On that subject. re: "Why'd you say you were making a MUD?", I don't
recall explicitly stating any such thing. Sorry if anyone read it
that way. I've always maintained it would be of a similar environment
wrt/ complexity and interactivity with the game objects. Hinting that
MP would be cool, but I had no real desire to make it a priority.

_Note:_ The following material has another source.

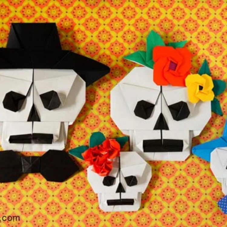 Whether you make one origami skull or a whole family of origami skulls, dress them up to celebrate either the Day of the Dead or Halloween.

That's all I was really trying to say.


Re: Google wave. Never heard of it until I looked it up, sorry! :p
I'm not sure I would make for good conversation anyway. I'm also
terribly shy when it comes to actual verbal conversation.... so..
yeah. But I'm sure anyone in the discussion would be lightyears
ahead of me in terms of implementation - I do make for good
"brainstorming" of ideas though, no doubt. Part of the reason I
decided it's best to start learning is, I knew I'd never find any sane
coder who would let me dictate all these weird ideas and the ways
things should work, especially for free! ;) So until I get some
real free time to start development and get some retainable knowledge
under my belt, I don't think holding creativity chats is gonna help
me or anyone else any. At least for now I will have to just torture
you guys with my random questions about stuff I should know already.

I do appreciate everyones input. It does help.